Part b) is tricky, because certain practical steps are assumed always to be done in order to prevent overspill from causing interference. For this reason {for bonus points, please?} it is important the base station antennas be sited as low as possible, and the beams be tilted downwards somewhat. In practice then there should be no problem with two cells being sufficiently far apart operating on the same frequency. Wikipedia gives a frequency reuse formula.
@Benny, Thanks, I fixed my 2 typos in the first paragraph.
Now 3 calls in the busyhour seems rather high, unless these are business customers only.
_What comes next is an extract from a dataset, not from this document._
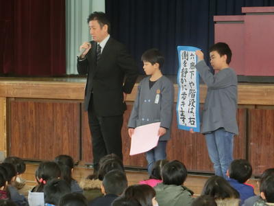 三つ目です。運動、音楽、芸術いろいろな分野で活躍する子どもたちがたくさんいることです。本日は、「第7回小学校復興ポスター展優良賞及び福島の子どもたちの絵画展ニューヨーク特別賞」を受賞した6年3組鈴木さくらさんの表彰を行いました。

How many cellular calls did you make between 9 am and 10 am today ?
Thank you for sharing your theoretical & practical knowledge. 3 calls per hour is only an assumption. The interesting part for me is an engineer can now help an investor/a government body, by working backwards. Say one can only provide 500 BST then one can work backward to get approximate number of sectors covered for a certain % of population usage /penetration, and frequency reuse.
@Benny. Yes, and I feel the Erlang equation is an excellent example of how mathematics can help the engineer. My famed definition of an engineer is "someone who can do for a shilling what any fool can do for a pound".
What a wise investor will do is initially enter the "cream" market, and provide service to the business users, business areas, mobile businesses and major intersections, then progress to the less lucrative markets once capital interest has been mainly paid off.